Dr Susanne Stutz, the BASF Project Manager, said: “Even then it was not plain sailing. Chlorfenapyr would simply not behave predictably in laboratory bioassay. However, when applied to nets and testing in experimental hut trials, chlorfenapyr would always kill mosquitoes that made contact with the netting. The explanation lies in the chlorfenapyr’s unique mode of action. Unlike standard public health insecticide which are neurotoxic, chlorfenapyr disrupts cellular respiratory pathways and is most toxic to mosquitoes which are active at night when they make contact with the net”.

The target product profile set by BASF and IVCC was a chlorfenpyr / alpha-cypermethrin mixture long-lasting insecticidal net that would remain effective against pyrethroid resistant mosquitoes after 20 standardised washes, a threshold established by WHO for all LLIN. Four years later, Interceptor® G2, has fulfilled its initial promise and in experimental hut trials killed over 70% of pyrethoid-resistant Anopheles gambiae when the standard pyrethroid LLIN killed only 20%. The long lasting formulation retained insecticidal activity on the net after 20 standardized washes in soap solution.

Raphael N’Guessan, the scientist who managed the trials in West Africa said: “The unique mode of action of chlorfenapyr means that insecticide resistance based on target site insensitivity in the insect nervous system and other mechanisms shows no cross resistance to chlorfenapyr. The mosquito mortality rates generated by Interceptor® G2 are similar to the rates generated by standard pyrethroid LLIN 10 years ago when most mosquitoes were fully susceptible to pyrethroids”

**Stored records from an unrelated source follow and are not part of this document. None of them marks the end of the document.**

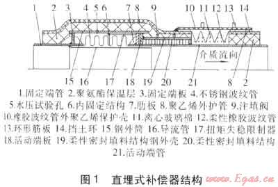 直埋式補(bǔ)償器的結(jié)構(gòu)見(jiàn)圖1。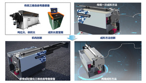 郭训忠团队的“便携式多层折叠推进三维自由弯曲成形”技术,在现有管材三维自由弯曲成形技术基础上,通过创新设计折叠式推进机构和提出双向分段成形方法,实现了小体积设备大行程加工,能够在1.2m设备构型上柔性弯曲成形4m以上管材,解决了野外作业中损伤导管现场快速维修模具依赖性强、设备机动性差等一系列问题,可搭载维修方舱车快速抵达维修制造现场,适用于飞机、轮船、车辆等设备的管道应急维修与制造任务,可显著提升装备在恶劣环境下的持续作业能力。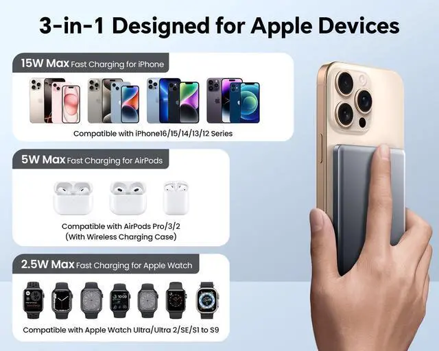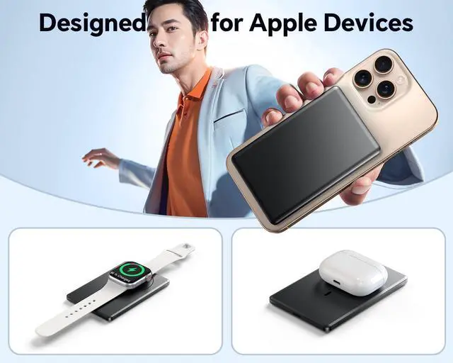 Ultra Slim Magnetic Portable Charger,5,000mAh Wireless Portable Charger with USB-C Cable,Battery Pack for Apple Watch,22.5W Fast Charging Magnetic Power Bank for iPhone 16/15/14/13/12 Pro/Pro Max/Plus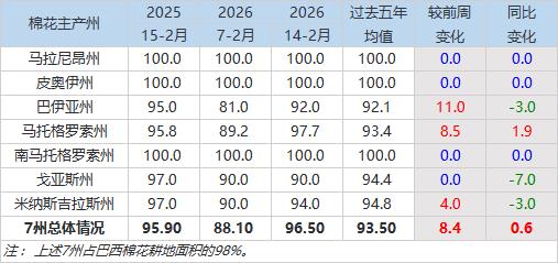 2月16日(周一),巴西國(guó)家商品供應(yīng)公司(Conab)公布的數(shù)據(jù)顯示,2025/26年度巴西棉花種植率為96.5%,前周為88.1%,上年同期為95.9%,五年均值為93.5%。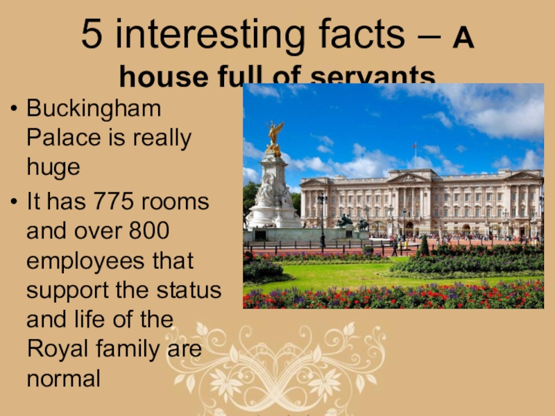 5 interesting facts – A house full of servantsBuckingham Palace is really hugeIt has 775 rooms and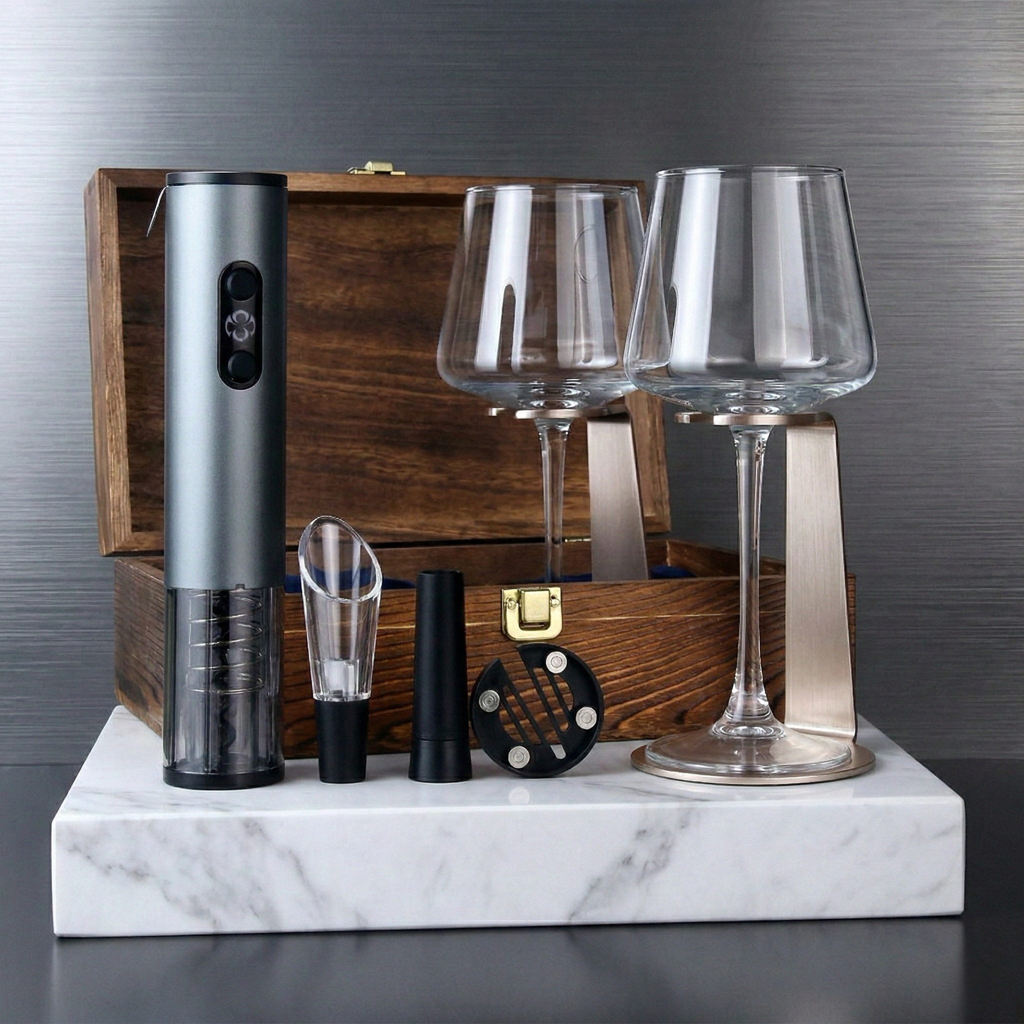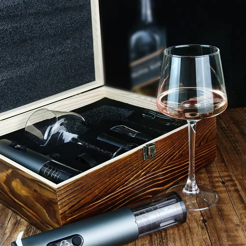4-IN-1電動開瓶器+紅/白酒杯 x 2 套裝木盒禮盒組

This publication marks the first of several trials of Interceptor® G2 carried out in African trial sites in Benin, Ivory Coast, Burkina Faso and Tanzania.  BASF has submitted the Interceptor® G2 dossier to the WHO Pesticide Evaluation Scheme for interim recommendation expected in March 2017.

David Malone, IVCC Technical Manager, said: “Africa has become a net using culture. Insecticide treated nets are the most important tool we have to prevent malaria.  This new technology demonstrates that insecticide treated nets will continue to be an essential weapon in the fight against malaria in the future despite pyrethroid resistance.”

The development and evaluation of Interceptor® G2 is the result of partnership between the BASF SE of Germany, the London School of Hygiene & Tropical Medicine,  and IVCC.